The panic itself is lost, but I see there's an NMI and I have the RIP

(gdb) list *('mwait_idle_with_hints.constprop.0'+0x4b)
0xffffffff816dabdb is in mwait_idle_with_hints (./arch/x86/include/asm/current.h:15).
10
11 DECLARE_PER_CPU(struct task_struct *, current_task);
12
13 static __always_inline struct task_struct *get_current(void)
14 {
15 return this_cpu_read_stable(current_task);
16 }
17
18 #define current get_current()
19

<mwait_idle_with_hints.constprop.0>: jmp 0xffffffff936dac02 <mwait_idle_with_hints.constprop.0+0x72>
<mwait_idle_with_hints.constprop.0+0x2>: nopl (%rax)

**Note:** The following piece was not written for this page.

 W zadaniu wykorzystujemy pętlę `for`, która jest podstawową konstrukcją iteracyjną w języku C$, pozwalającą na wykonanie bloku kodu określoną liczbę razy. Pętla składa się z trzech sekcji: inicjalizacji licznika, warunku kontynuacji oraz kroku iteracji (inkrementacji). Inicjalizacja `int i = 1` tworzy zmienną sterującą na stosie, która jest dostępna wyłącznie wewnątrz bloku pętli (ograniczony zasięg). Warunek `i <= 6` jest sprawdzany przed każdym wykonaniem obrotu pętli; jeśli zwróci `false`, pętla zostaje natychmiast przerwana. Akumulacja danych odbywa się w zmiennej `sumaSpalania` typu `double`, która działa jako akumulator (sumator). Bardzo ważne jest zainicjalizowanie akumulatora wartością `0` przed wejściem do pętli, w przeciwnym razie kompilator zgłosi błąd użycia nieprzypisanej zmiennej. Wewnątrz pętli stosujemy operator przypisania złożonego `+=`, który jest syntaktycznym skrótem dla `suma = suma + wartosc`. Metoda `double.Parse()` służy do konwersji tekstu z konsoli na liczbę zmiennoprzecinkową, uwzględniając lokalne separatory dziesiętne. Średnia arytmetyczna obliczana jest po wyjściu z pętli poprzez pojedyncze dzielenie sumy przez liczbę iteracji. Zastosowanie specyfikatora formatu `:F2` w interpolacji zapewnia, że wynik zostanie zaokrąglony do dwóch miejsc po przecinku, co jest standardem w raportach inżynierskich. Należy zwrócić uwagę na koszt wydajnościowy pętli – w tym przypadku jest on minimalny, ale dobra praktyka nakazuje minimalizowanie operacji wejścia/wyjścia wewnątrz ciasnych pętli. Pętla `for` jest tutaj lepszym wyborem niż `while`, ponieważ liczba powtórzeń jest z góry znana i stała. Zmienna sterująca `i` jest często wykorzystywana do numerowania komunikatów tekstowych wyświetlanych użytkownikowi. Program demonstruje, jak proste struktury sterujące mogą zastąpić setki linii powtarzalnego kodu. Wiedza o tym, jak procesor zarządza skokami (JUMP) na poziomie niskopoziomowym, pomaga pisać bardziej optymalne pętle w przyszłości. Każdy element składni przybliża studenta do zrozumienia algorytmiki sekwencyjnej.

<mwait_idle_with_hints.constprop.0+0x5>: jmp 0xffffffff936dabac <mwait_idle_with_hints.constprop.0+0x1c>
<mwait_idle_with_hints.constprop.0+0x7>: nopl (%rax)

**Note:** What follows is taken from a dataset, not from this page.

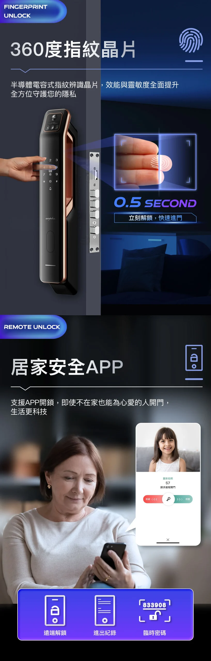 - 搭配arpha手環,簡單便利,銀髮族和幼童也能輕鬆使用

<mwait_idle_with_hints.constprop.0+0xa>: mfence
<mwait_idle_with_hints.constprop.0+0xd>: mov %gs:0x17bc0,%rax
<mwait_idle_with_hints.constprop.0+0x16>: clflush (%rax)

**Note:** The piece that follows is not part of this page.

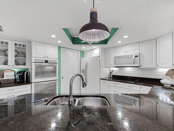 WOW! River views from your Penthouse -enjoy the golden sunsets! Remodeled kitchen, granite, double ovens, subway tile! All tile floors, spacious & bright! Convenient under bldg parking! Gorgeous Moorings granted beach! MUST SEE! Sizes are approx/subj to error.

<mwait_idle_with_hints.constprop.0+0x19>: mfence
<mwait_idle_with_hints.constprop.0+0x1c>: xor %edx,%edx
<mwait_idle_with_hints.constprop.0+0x1e>: mov %rdx,%rcx
<mwait_idle_with_hints.constprop.0+0x21>: mov %gs:0x17bc0,%rax
<mwait_idle_with_hints.constprop.0+0x2a>: monitor %rax,%rcx,%rdx
<mwait_idle_with_hints.constprop.0+0x2d>: mov (%rax),%rax
<mwait_idle_with_hints.constprop.0+0x30>: test $0x8,%al
<mwait_idle_with_hints.constprop.0+0x32>: jne 0xffffffff936dabdb <mwait_idle_with_hints.constprop.0+0x4b>
<mwait_idle_with_hints.constprop.0+0x34>: jmpq 0xffffffff936dabd0 <mwait_idle_with_hints.constprop.0+0x40>
<mwait_idle_with_hints.constprop.0+0x39>: verw 0x9f9fec(%rip) # 0xffffffff940d4bbc
<mwait_idle_with_hints.constprop.0+0x40>: mov $0x1,%ecx
<mwait_idle_with_hints.constprop.0+0x45>: mov %rdi,%rax
<mwait_idle_with_hints.constprop.0+0x48>: mwait %rax,%rcx
<mwait_idle_with_hints.constprop.0+0x4b>: mov %gs:0x17bc0,%rax
<mwait_idle_with_hints.constprop.0+0x54>: lock andb $0xdf,0x2(%rax)
<mwait_idle_with_hints.constprop.0+0x59>: lock addl $0x0,-0x4(%rsp)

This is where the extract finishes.